> Provided records:
....

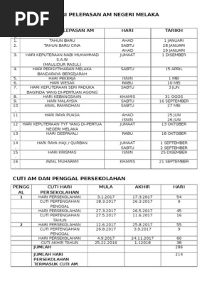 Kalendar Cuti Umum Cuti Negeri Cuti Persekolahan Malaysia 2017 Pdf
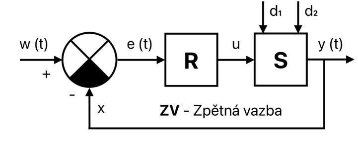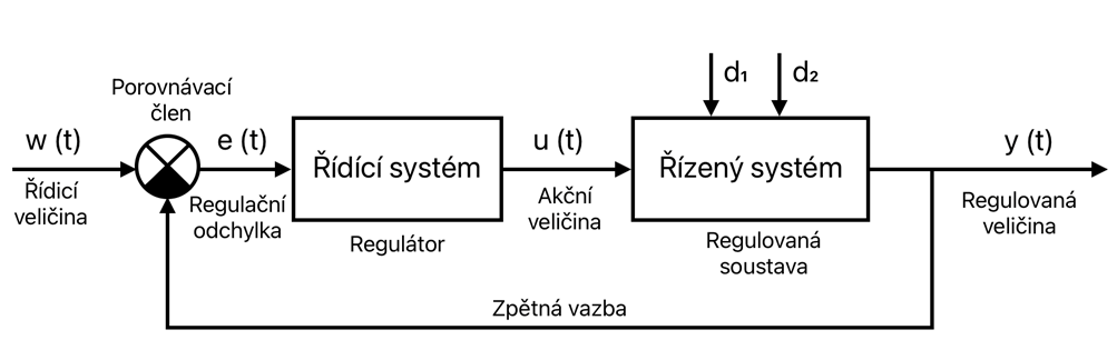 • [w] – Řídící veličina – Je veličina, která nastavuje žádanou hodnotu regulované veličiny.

....

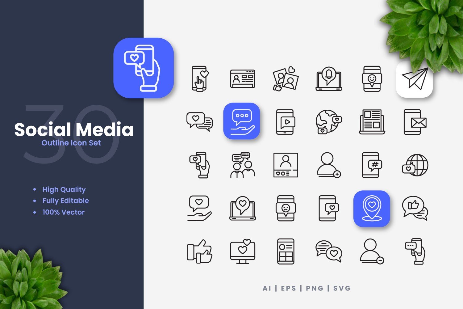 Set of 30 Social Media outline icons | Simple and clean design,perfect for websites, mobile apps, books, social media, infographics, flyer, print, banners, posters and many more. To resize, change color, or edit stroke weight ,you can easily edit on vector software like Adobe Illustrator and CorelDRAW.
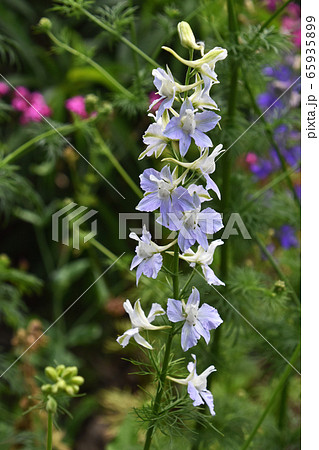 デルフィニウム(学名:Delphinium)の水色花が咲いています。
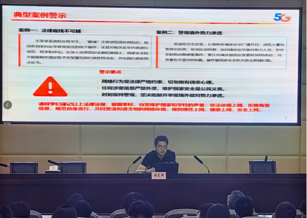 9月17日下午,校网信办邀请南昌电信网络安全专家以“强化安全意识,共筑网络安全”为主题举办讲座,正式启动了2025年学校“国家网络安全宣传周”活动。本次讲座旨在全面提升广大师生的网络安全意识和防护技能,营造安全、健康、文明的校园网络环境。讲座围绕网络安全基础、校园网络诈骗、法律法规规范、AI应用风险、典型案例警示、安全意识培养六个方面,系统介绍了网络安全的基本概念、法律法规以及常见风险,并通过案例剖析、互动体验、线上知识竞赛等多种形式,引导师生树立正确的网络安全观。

....

> Directions: Retype the lines above exactly as they appear, from the line containing "Kalendar Cuti Umum" through the line containing "hodnotu regulované veličiny.", and leave out any pictures.

> Solution for this problem:
 Kalendar Cuti Umum Cuti Negeri Cuti Persekolahan Malaysia 2017 Pdf
 • [w] – Řídící veličina – Je veličina, která nastavuje žádanou hodnotu regulované veličiny.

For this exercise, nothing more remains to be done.